- Theatrical release poster.
- Directed by: George Marshall
- Screenplay by: George Kennett Albert E. Lewin Burt Styler
- Story by: George Beck
- Produced by: Edward Small
- Starring: Bob Hope Elke Sommer Phyllis Diller Cesare Danova Marjorie Lord
- Cinematography: Lionel Lindon
- Edited by: Grant Whytock
- Music by: William "By" Dunham Richard LaSalle
- Production company: Edward Small Productions
- Distributed by: United Artists
- Release date: June 8, 1966;
- Running time: 99 minutes
- Country: United States
- Box office: $4.3 million (est. US/ Canada rentals)

= Boy, Did I Get a Wrong Number! =

1966 film by George Marshall

Boy, Did I Get a Wrong Number! is a 1966 American DeLuxe Color comedy film directed by George Marshall and starring Bob Hope, Elke Sommer and Phyllis Diller. It was written by George Kennett, Albert E. Lewin and Burt Styler from a story by George Beck.

This film was the first of three film collaborations for Hope and Diller, and was followed by Eight on the Lam (1967) and The Private Navy of Sgt. O'Farrell (1968).

== Plot ==
French actress Didi has become more famous for bubble bath commercials than her acting. She runs away for a while to Oregon, where she encounters middle-aged married realtor Tom Meade who agrees to assist her, and becomes enmeshed in various complications when he and his wacky housekeeper try to hide her from his wife and the public.

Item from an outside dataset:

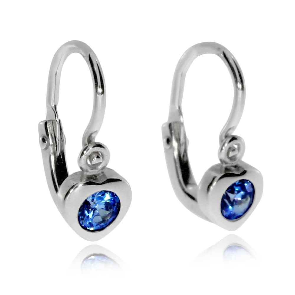 Dětské stříbrné náušnice - Srdíčka s modrým kamínkem
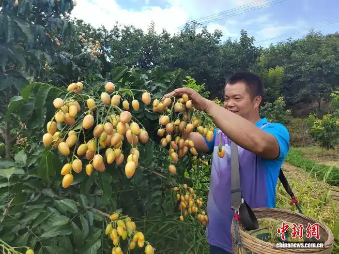 中新網(wǎng)桂林7月28日電(涂昆 黃潔萍)夏日蟬鳴,金果飄香。近日,廣西桂林平樂(lè)縣大發(fā)瑤族鄉(xiāng)的黃皮果進(jìn)入集中采摘期,連綿的山丘上,低矮的黃皮果樹(shù)郁郁蔥蔥,一串串厚重的果實(shí)已開(kāi)始由墨綠轉(zhuǎn)向金黃,在陽(yáng)光下閃爍著誘人的光澤。酸甜可口的黃皮果正趁著高溫天氣“搶鮮”上市,成為當(dāng)季“熱寵”。

Everyone is convinced Meade and Didi are having an affair. He is suspected of murdering her when neighbors see him carrying her half-dressed body - she had taken too many sleeping pills and Meade was putting her to bed.
A police chase ends with cars plowing into a soap factory, with all concerned emerging from a cloud of suds and Didi's career Svengali finally agreeing that she needs a vacation from bubble baths.

==Cast==
- Bob Hope as Tom Meade
- Elke Sommer as Didi
- Phyllis Diller as Lily
- Cesare Danova as Pepe Pepponi
- Marjorie Lord as Mrs. Martha Meade
- Kelly Thordsen as Detective Shawn Regan
- Benny Baker as Detective Lt. Schwartz
- Terry Burnham as Doris Meade
- Joyce Jameson as telephone operator
- Harry von Zell as newscaster / off-screen narrator
- Kevin Burchett as Larry Meade
- Keith Taylor as Plympton

==Production==
The film was Bob Hope's second with Edward Small. Filming started in October 1965. It marked Phyllis Diller's film debut as a lead – she signed for five more pictures with Hope.

== Reception ==
With Bob Hope's film career on the downswing by the '60s, Boy, Did I Get a Wrong Number! was critically panned and compared to a "90-minute TV sitcom".

The critic for The New York Times drew parallels with Up in Mabel's Room which Edward Small had made twenty years previously. Reviews were poor. However it performed well at the box office. Boy, Did I Get a Wrong Number! was listed in the 1978 book The Fifty Worst Films of All Time.